We rightly laud Mayo’s supporters – their legendary numbers, their commitment and support for the team, their respect for the sacrifices of amateur sportsmen who give so much to their county and above all their unwavering loyalty and resilience to team and county.
But for all the respect Mayo fans have earned over the years, a difficult truth is that an unsporting virus has infected a cohort of Mayo fans who seem to imagine that they have a God-given right to roundly abuse players for not measuring up to their fictitious standards as a way of punishing individuals and by extension their family circles who have made huge sacrifices for team and county.
This corruption of sporting standards begins with under-age GAA teams where winning at all costs is often the bottom line and with, even parents, sometimes instilling that sporting vice in their own children, without any sense of the obvious truth that failure in sport builds character in a way that all the success in the world can’t match.
Those who believe that sport is just about winning shouldn’t be allowed within miles of it – particularly under-age teams where their heresy is still, it seems, infecting a new generation with that unsporting virus.

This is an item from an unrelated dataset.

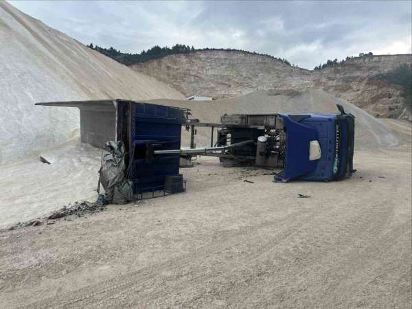 Edinilen bilgilere göre, Bilecik merkez Kuyubaşı köyünde faaliyet gösteren bir madencilik işletmesinde meydana gelen olayda, Resul Ü. idaresindeki 35 V 0185 plakalı kamyon, kum boşaltıldığı sırada yan yattı. Yaşanan kazada sürücü hafif şekilde yaralandı. İhbar üzerine olay yerine gelen acil sağlık ekiplerince yapılan ilk müdahalenin ardından şahsın sağlık durumunun iyi olduğu öğrenildi.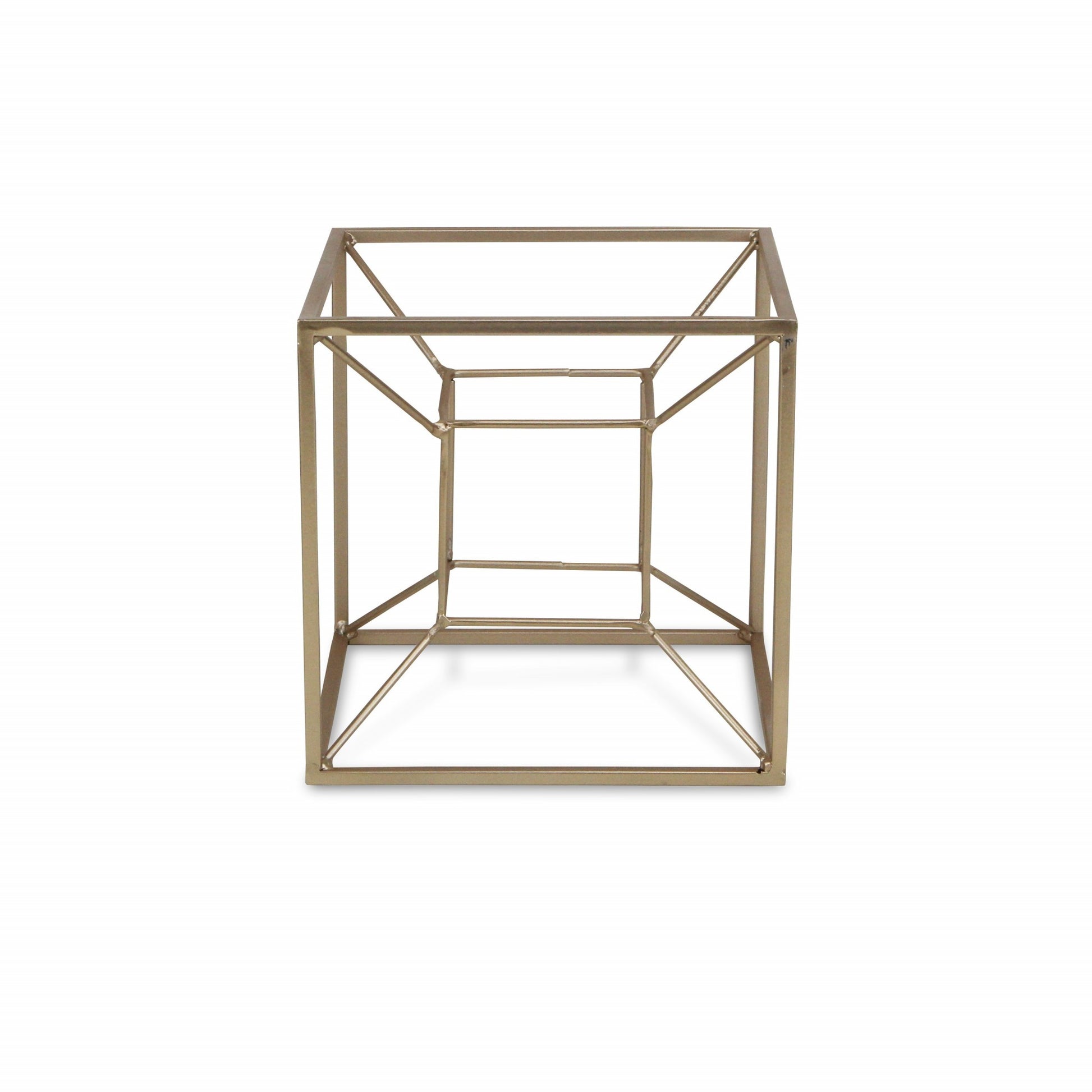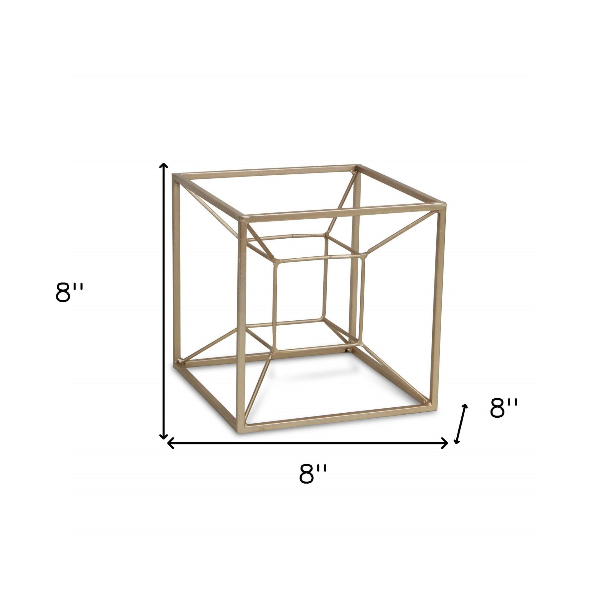 Featuring a cube within a cube, this Jumbo Metal 3D Cube Decorative Sculpture is sure add a nice touch of depth and design to any space in your home. This piece is made of solid metal and is colored to a stunning champagne finish. The outer cube shape has a thicker look to it white the inner cube shape is made of thinner metal rods. The two cube shapes are attached to each other by the corners using thin metal rods. This neutral color of this piece means you can use it with any existing decor or colors you already have and you can also use it a statement piece. 8" H x 8" W x 8" D

It might seem a bit foolish to suggest that winning an All-Ireland should not be the be-all and end-all of Mayo’s footballing ambition. And it is, I accept, a natural and worthwhile sporting ambition. But who really believes, for example, that those who played for a county like Derry and who managed to win a solitary All–Ireland since the GAA was founded are somehow more entitled to sporting glory than consummate players like Lee Keegan, one of the greatest the sport has produced, who was on the receiving end of seven lost finals? After all, the nature of team sports is that it can be spectacularly unfair, often penalizing great players while rewarding unexceptional footballers.
I for one wouldn’t swap one Mayo All-Ireland success for the enjoyment of the last ten-plus years. Who cares about the ridicule sometimes heaped on Mayo players for the naivete of their approach over the years when Mayo played the kind of pure football that earned the respect of objective football commentators? Who cares about all the negative analysis when we’ve had so many glorious days with both the performance and the scoring absolutely breath-taking? Who cares ultimately about the recent loss to Tyrone when most of us, before the championship, hoped that Mayo would win Connaught and, instead, a new team of mostly young players lifted our hearts and minds through a long, difficult summer? Who cares about the disappointments and the frustrations – an inevitable part of the mix of sport – when Keith Duggan could write as he has in the Irish Times that ‘this Mayo team will be remembered on a national scale long after All-Ireland champion teams have faded into obscurity’.
Yes, of course, we will continue the ambitious climbing to the top of what has become a footballing Everest. And, of course, with every final Mayo play in Croke Park we want to believe that soon we’ll be mature enough as sports people and as human beings to be able to leave the great theatre of footballing dreams without wrapping another defeat in regret, disillusionment and recrimination.
But ultimately what we need to remember is that, in the pursuit of our sporting dreams, those who bring us to a Croke Park final owe us nothing. Nothing. Absolutely nothing.
Gratitude is the only fitting response.
The reader is continuously led to consider the values of the writer throughout this piece. No matter who wrote it the reader would be pointed that way.
It expresses those values in terms of something immediate and topical and deeply emotional. Which in turn reflects the worthiness of those values and how apposite they can be. It’s all the more powerful for not spelling out the source of those values although that source is immediately understood.
An on the nail illustration of the rule for producing good writing. First make yourself good and then just write naturally.